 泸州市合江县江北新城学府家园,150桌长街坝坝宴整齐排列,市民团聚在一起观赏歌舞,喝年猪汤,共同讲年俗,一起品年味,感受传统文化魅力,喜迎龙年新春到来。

---

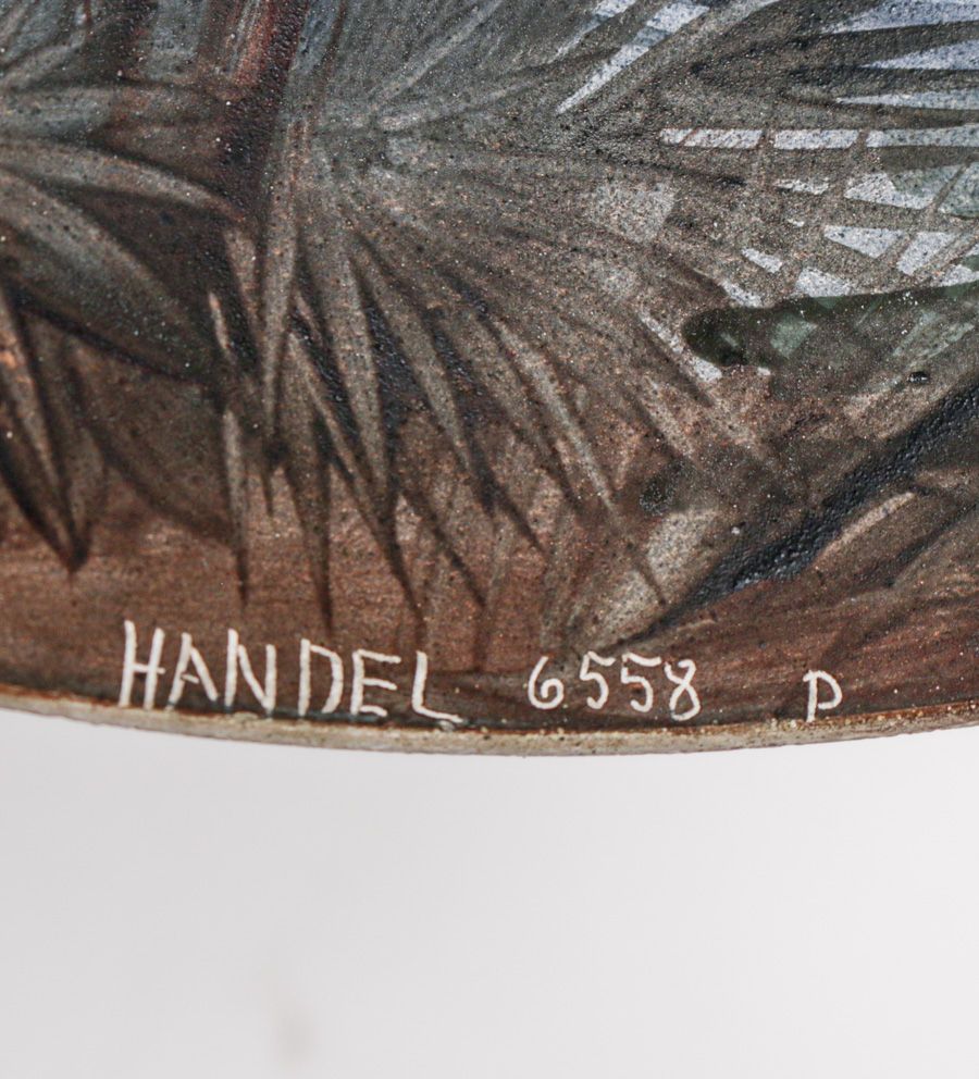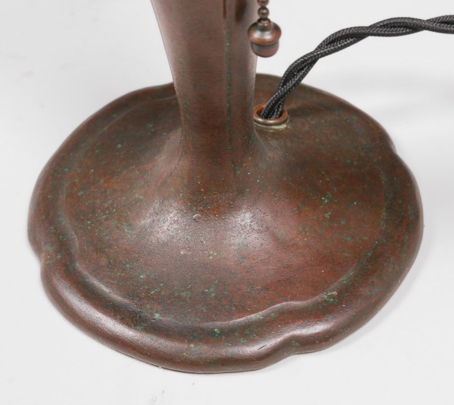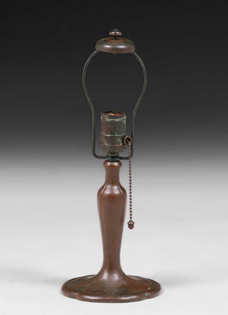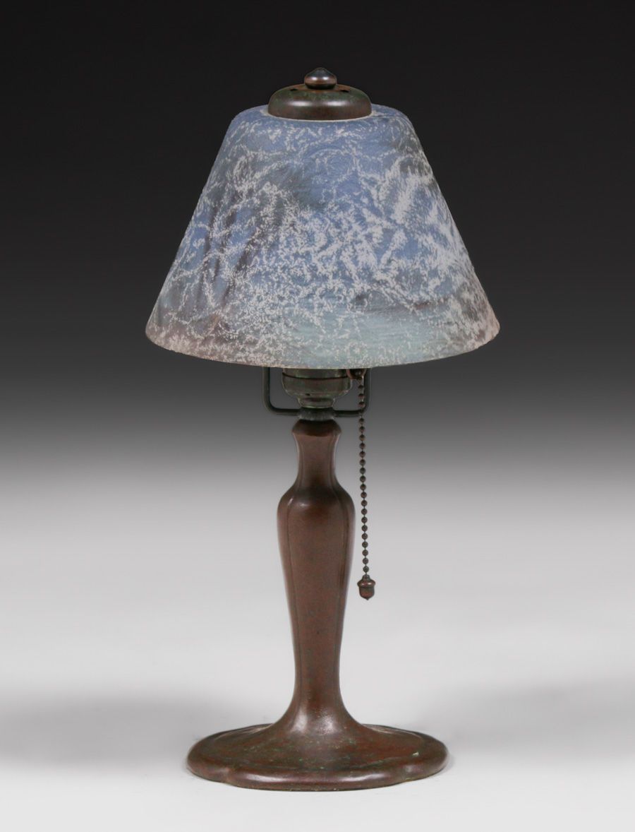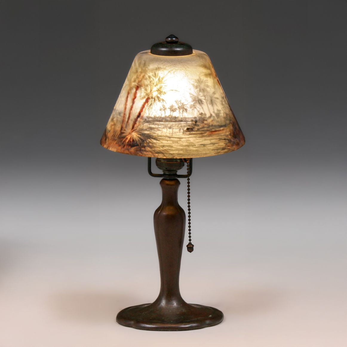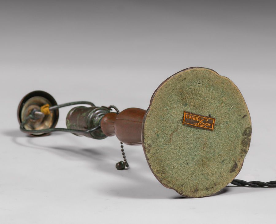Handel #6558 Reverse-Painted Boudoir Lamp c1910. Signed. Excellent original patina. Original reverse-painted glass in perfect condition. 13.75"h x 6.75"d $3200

==

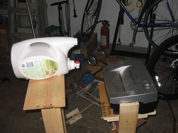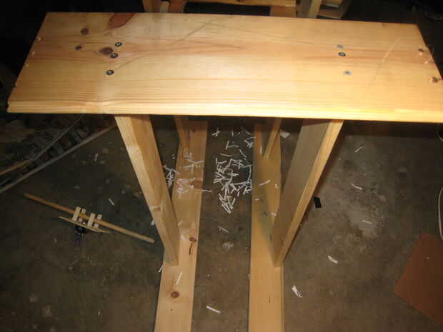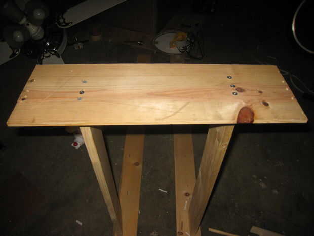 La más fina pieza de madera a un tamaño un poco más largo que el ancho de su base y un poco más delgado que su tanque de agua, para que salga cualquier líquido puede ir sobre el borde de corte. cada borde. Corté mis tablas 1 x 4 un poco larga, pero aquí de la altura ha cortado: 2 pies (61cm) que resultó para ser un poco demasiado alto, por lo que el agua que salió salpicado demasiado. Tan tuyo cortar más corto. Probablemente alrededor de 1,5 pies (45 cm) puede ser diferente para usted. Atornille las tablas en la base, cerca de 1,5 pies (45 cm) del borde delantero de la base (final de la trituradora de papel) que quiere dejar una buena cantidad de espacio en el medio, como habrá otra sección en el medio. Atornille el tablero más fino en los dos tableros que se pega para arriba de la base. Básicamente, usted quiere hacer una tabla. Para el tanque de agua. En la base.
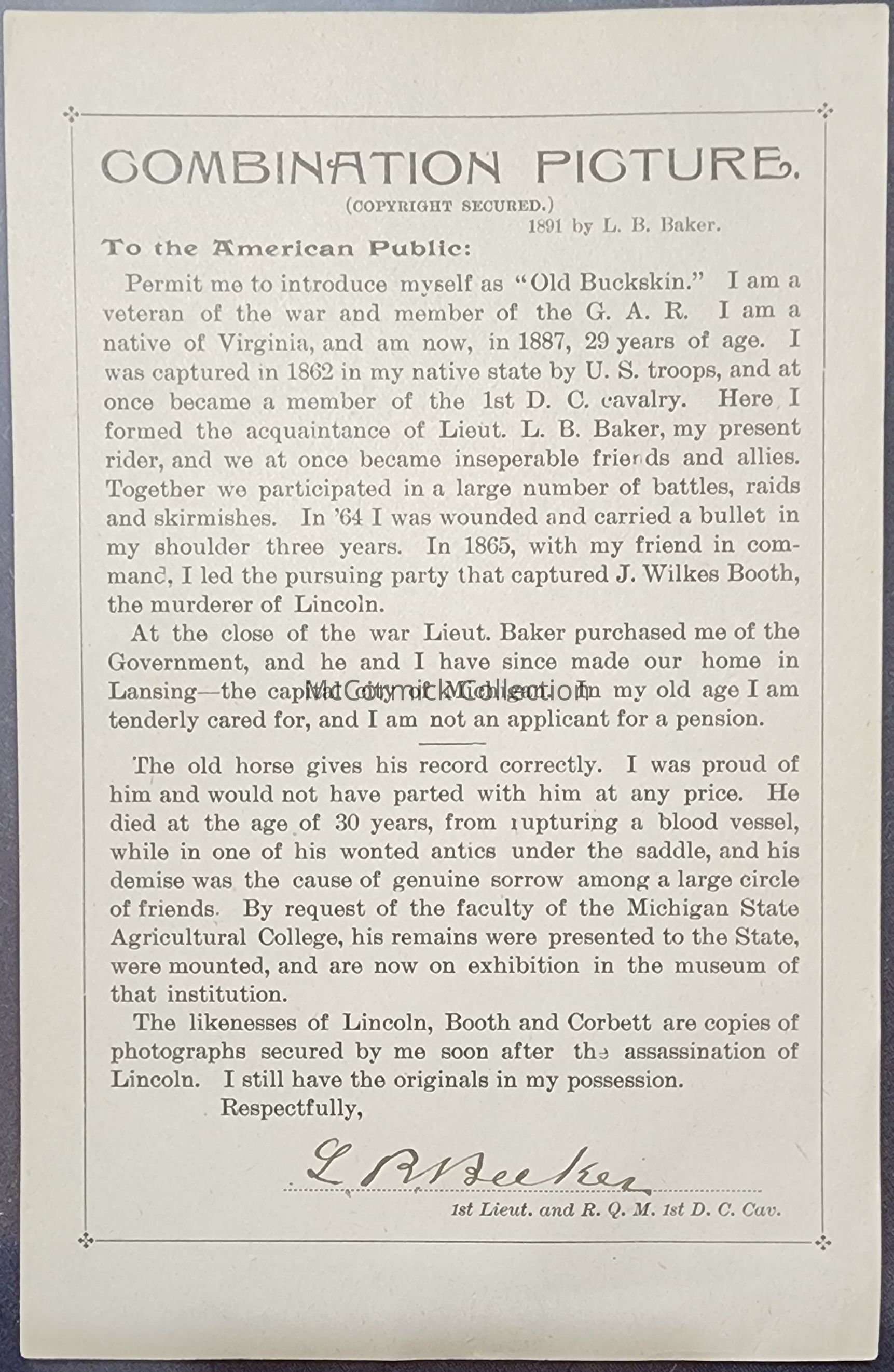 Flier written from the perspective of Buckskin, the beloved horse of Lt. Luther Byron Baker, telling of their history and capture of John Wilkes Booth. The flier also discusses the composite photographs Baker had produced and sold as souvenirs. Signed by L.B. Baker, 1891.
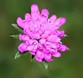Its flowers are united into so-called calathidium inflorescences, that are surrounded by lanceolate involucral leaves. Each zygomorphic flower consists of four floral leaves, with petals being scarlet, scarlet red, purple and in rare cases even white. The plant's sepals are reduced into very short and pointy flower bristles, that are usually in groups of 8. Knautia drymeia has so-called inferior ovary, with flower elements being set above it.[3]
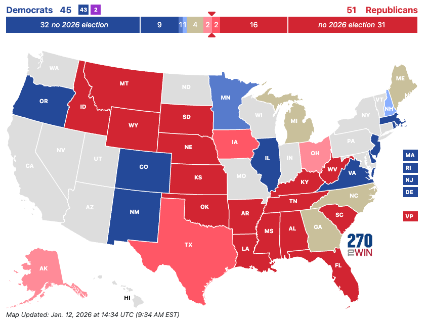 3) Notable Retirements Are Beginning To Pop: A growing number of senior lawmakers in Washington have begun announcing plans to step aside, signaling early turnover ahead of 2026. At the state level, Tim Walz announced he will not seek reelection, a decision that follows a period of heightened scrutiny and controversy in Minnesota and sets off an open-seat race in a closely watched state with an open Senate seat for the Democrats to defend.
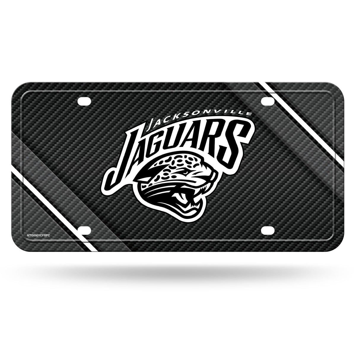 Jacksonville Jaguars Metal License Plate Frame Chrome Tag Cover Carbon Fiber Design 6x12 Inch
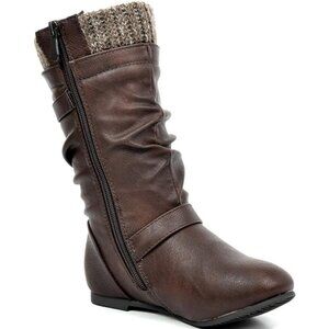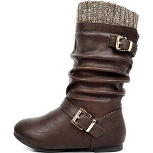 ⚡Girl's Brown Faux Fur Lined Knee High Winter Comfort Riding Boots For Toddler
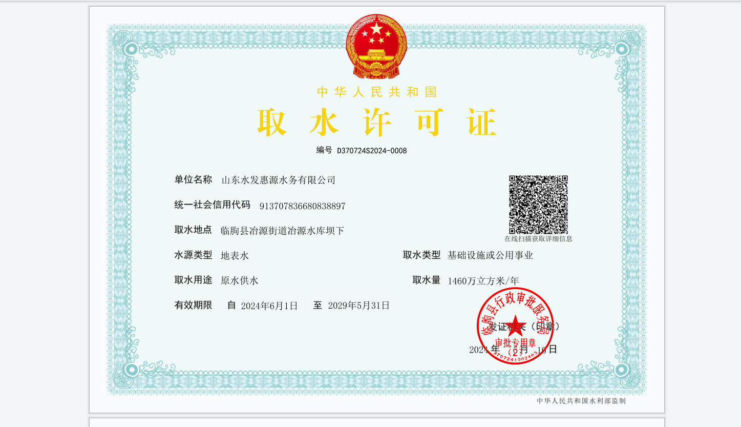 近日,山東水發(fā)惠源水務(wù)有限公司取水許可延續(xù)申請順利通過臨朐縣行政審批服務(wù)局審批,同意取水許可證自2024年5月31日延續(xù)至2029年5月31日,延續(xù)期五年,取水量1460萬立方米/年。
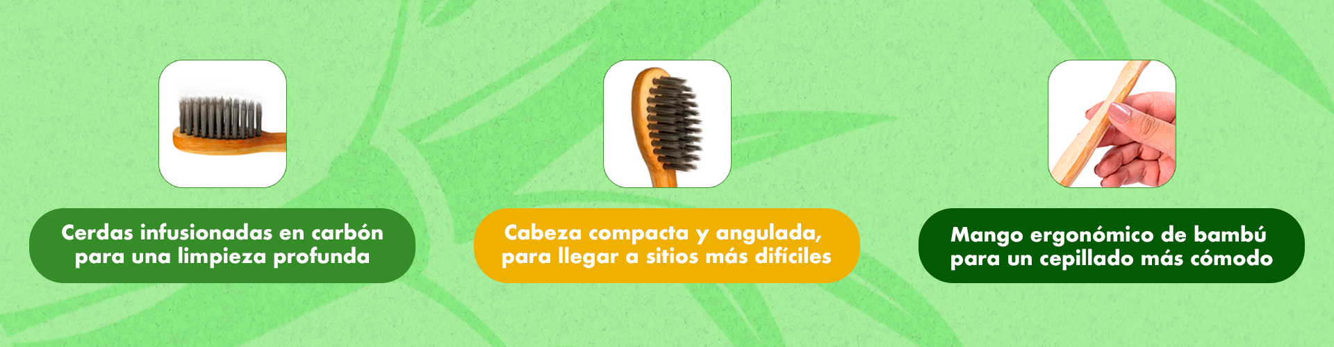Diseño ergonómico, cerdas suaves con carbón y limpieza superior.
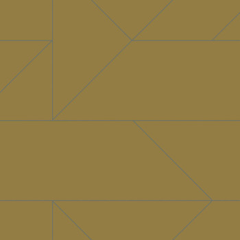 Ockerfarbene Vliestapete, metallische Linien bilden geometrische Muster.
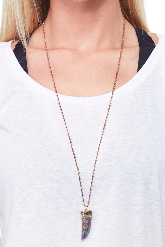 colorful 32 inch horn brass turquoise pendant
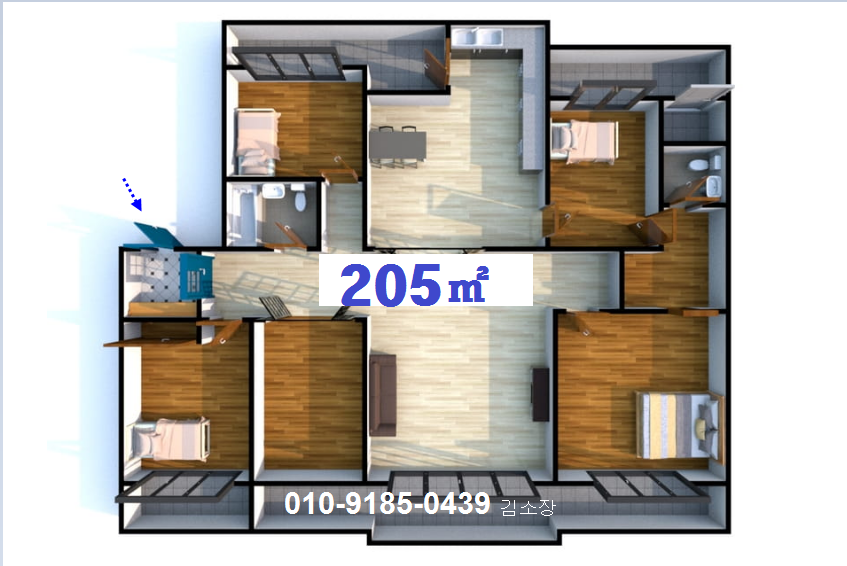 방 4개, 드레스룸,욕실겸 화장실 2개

• Exercise requirements: In the listing above, find the line containing "Diseño ergonómico, cerdas". Output it and every line after it up to and including the line containing "방 4개, 드레스룸,욕실겸 화장실 2개", exactly, but skip the pictures.

• Result for this task:
Diseño ergonómico, cerdas suaves con carbón y limpieza superior.
 Ockerfarbene Vliestapete, metallische Linien bilden geometrische Muster.
 colorful 32 inch horn brass turquoise pendant
 방 4개, 드레스룸,욕실겸 화장실 2개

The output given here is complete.